Проходя мимо «коробейников» с ходовым товаром (водка, беляши, сигареты, жареная курица…), я со скучающим выражением лица скользил взглядом по лоткам. И, наконец, кривая вынесла меня к барду, который пел на перроне что-то из «блатного фольклора». Чем-то он напоминал кумира 80-х Ефрема Амирамова - та же борода с проседью и чёрная шляпа, чёрное драповое пальто с поднятым воротником… Пел он не очень хорошо, я бы даже сказал - бездарно пел, однако с душой. Его облепила со всех сторон потёртая публика: загулявшие мужья и небритые «тёртые калачи» - убеждённые холостяки-казановы, их подруги с сигаретами наперевес.
«Мне сегодня невмочь,
Синеглазая ночь…»
…Хрипела толпа, и между песнями пожилой кавказец маленького роста с тонкой длинной «моро» в руке подносил барду рюмочку водки, выдыхая горячий воздух с одной и той же фразой: «Вмажь, братишка…». Музыкант оставляет гитару, «вмазывает» и заводит недолгий «базар» по поводу и … без повода. Зовут его Костя (можно просто Костян - для женщин и друзей). Так, кстати, звала его подружка в видавших виды чёрных (в прошлом) полусапожках, в которые были вправлены уже белые джинсы, и в курточке «суперрайфл» с богатой «родословной». Костя катается с подругой по стране и перебивается случайными заработками. Милиция его, практически, не трогает, так как в документах у него ростовская прописка, а подругу он «поймал» в Ставрополе. Ночуют на вокзалах, а чаще у друзей. «Кентов по всей стране хватает, - бросает небрежно Костя, - так что с этим проблем нет. Вот только здесь трудновато приходится, но тоже, как видишь, скучать не дадут. Я с детства с людьми сходиться умел»…

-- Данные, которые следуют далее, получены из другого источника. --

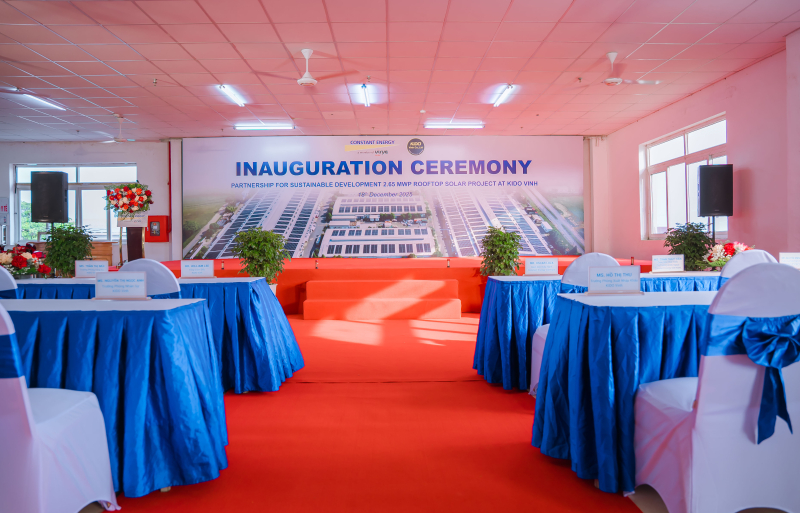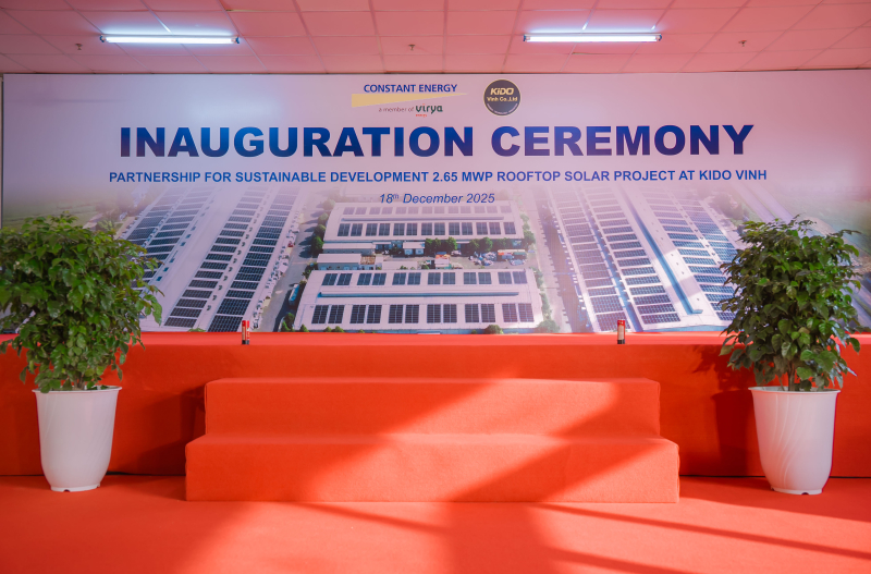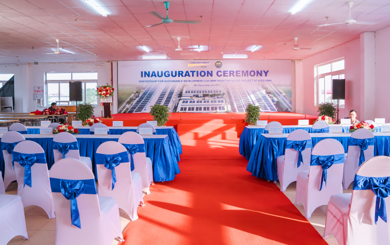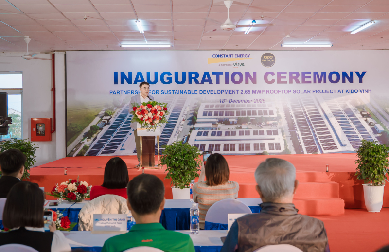 Sáng 18/12/2025, Lễ khánh thành “Dự án điện mặt trời mái nhà Công ty TNHH KIDO Vinh” đã được tổ chức thành công trong không khí trang trọng và chuyên nghiệp, đánh dấu bước khởi đầu cho quá trình vận hành dự án năng lượng xanh tại doanh nghiệp.

Я ушёл «по-английски» - без шумных прощаний и слов. Подошёл мой поезд, и я сажусь в вагон. Пробираюсь к его душной «глотке», к вожделенному свободному плацкарту. Находя место, «бухаюсь» в боковушку со столиком у окна, втягиваюсь в сиденье и, распрямляя ноги, прикрываю глаза… Трогаемся…
- Молодой человек, - слышу я уже сквозь дрёму, - можно потесниться?
Передо мной уставшее и чем-то кажется озабоченное создание, лет, эдак тридцати. Она в серой норковой шапке с отливом, в длинной дублёнке, отороченной мехом и нараспашку, из-под которой выглядывает бежевый шарфик «ангорка», «джинсы-варёнки» заправлены в сапожки… Дежавю… В руках неоткрытая бутылка пива «Оболонь», а вокруг неё аромат «Кэмела» и того же пива. В глазах с поволокой вопрос, который тут же озвучивается:
- Ну, и долго мы будем любоваться?.. Ноги, извините, можно прибрать?..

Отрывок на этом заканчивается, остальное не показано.